Federal statistics show an annual increase of seven percent in the incidence of white-collar and corporate crimes. A Statistics Canada report in the early 1980s found the number of workplace deaths attributed to unsafe or illegal working conditions to be equivalent to the number of street homicides. This does not include “lingering deaths” resulting from exposure to “hazardous workplace pollutants.” According to some studies, Canadians pay increased taxes and prices for consumer goods amounting to as much as $20 billion a year as a result of white-collar crime.

Many types of white-collar crime can be found in the Canadian Criminal Code. Provincially created white-collar offense codes, though not criminal law in the strict sense, are also enforced through the traditional criminal justice system. Police and prosecutors at the federal, provincial, and municipal levels bear the primary responsibility for taking action against most individual white-collar criminals.

The difficulty of the enforcement effort to control white-collar crime by the criminal justice system is notable, partly because the enforcement agencies in Canada receive relatively few complaints from victims of such crimes.

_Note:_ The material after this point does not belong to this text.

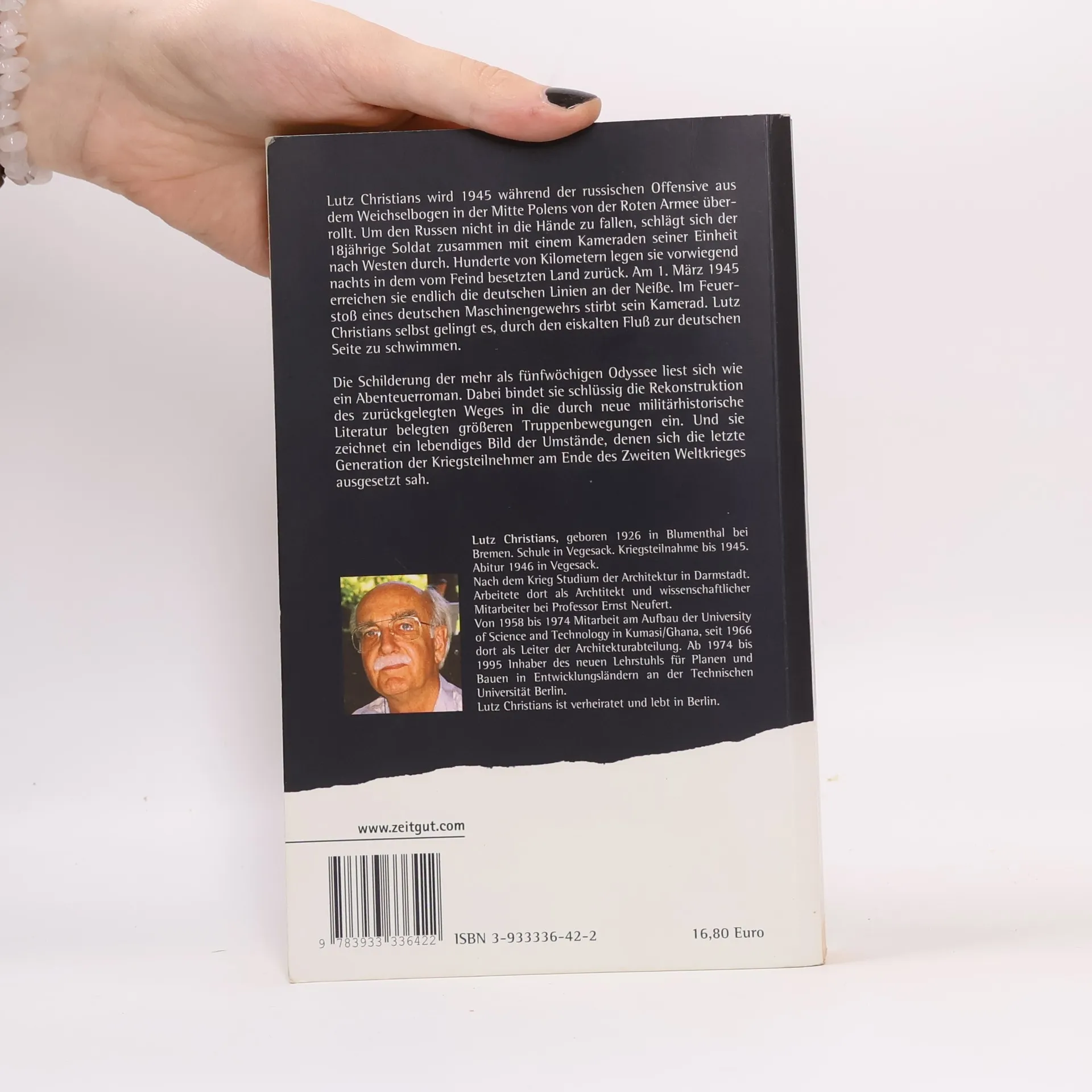 Lutz Christians wird 1945 während der russischen Offensive aus dem Weichselbogen in der Mitte Polens von der Roten Armee überrollt. Um den Russen nicht in die Hände zu fallen, schlägt sich der 18jährige Soldat zusammen mit einem Kameraden seiner Einheit nach Westen durch. Am 1. März 1945 erreichen sie endlich die deutschen Linien an der Neiße. Im Feuerstoß eines deutschen Maschinengewehrs stirbt sein Kamerad. Lutz Christians selbst gelingt es, durch den eiskalten Fluß zur deutschen Seite zu schwimmen. Die Schilderung der mehr als fünfwöchigen Odyssee liest sich wie ein Abenteuerroman. Sie ist zugleich eine mit wissenschaftlicher Akribie und anhand neuester militärhistorischer For-schungsergebnisse erfolgte Rekonstruktion des Weges und der damaligen Truppenbewegungen. Und sie zeichnet ein lebendiges Bild der Umstände, denen sich die letzte Generation der Kriegsteilnehmer am Ende des Zweiten Weltkrieges ausgesetzt sah

Prosecution and Regulation

The criminal justice system, in general, lacks sufficient resources to detect and prosecute white-collar crimes. Moreover, the defendants in white-collar cases tend to put up a much stronger legal defense, since they usually have far more financial resources to hire experienced attorneys. An alternative means of regulating white-collar crime in Canada is for the state to impose certain duties of care on people, and to allow the plaintiff to seek damages from the defendant for the wrongdoing. In general, white-collar and corporate crimes seem to be easily condoned by the criminal justice system and the general public, compared to street crimes.

Corporate crimes are usually dealt with outside the criminal law and regulated by separate federal, provincial and municipal laws. Enforcement is handled by special government departments and bodies through a regulatory system focused on mediation and compensation rather than on prosecution and punishment. For example, the Canadian provinces have introduced workers' compensation acts and regulations governing occupational health and safety that create systems of workplace safety standards and inspection.

The best-known example of legislative efforts against corporate crime is the federal Competition Act (formerly the Combines Investigation Act), which prohibits various forms of potentially anticompetitive acts. These include unfair margin squeezing, freight equalization to impede competition, misleading advertising, the use of fighting brands to eliminate a competitor, conspiracies to fix prices, and other corporate crimes. Responsibility for the enforcement of the Competition Act is divided among several authorities: Parliament which passes the legislation; the Director of Investigation and Research (DIR) under the Competition Act who heads the Competition Bureau and investigates possible violations; the Department of Justice (DOJ) which takes cases before the courts or Tribunal; and the adjudicators who determine if a violation has occurred and, if so, what penalty or remedy is appropriate.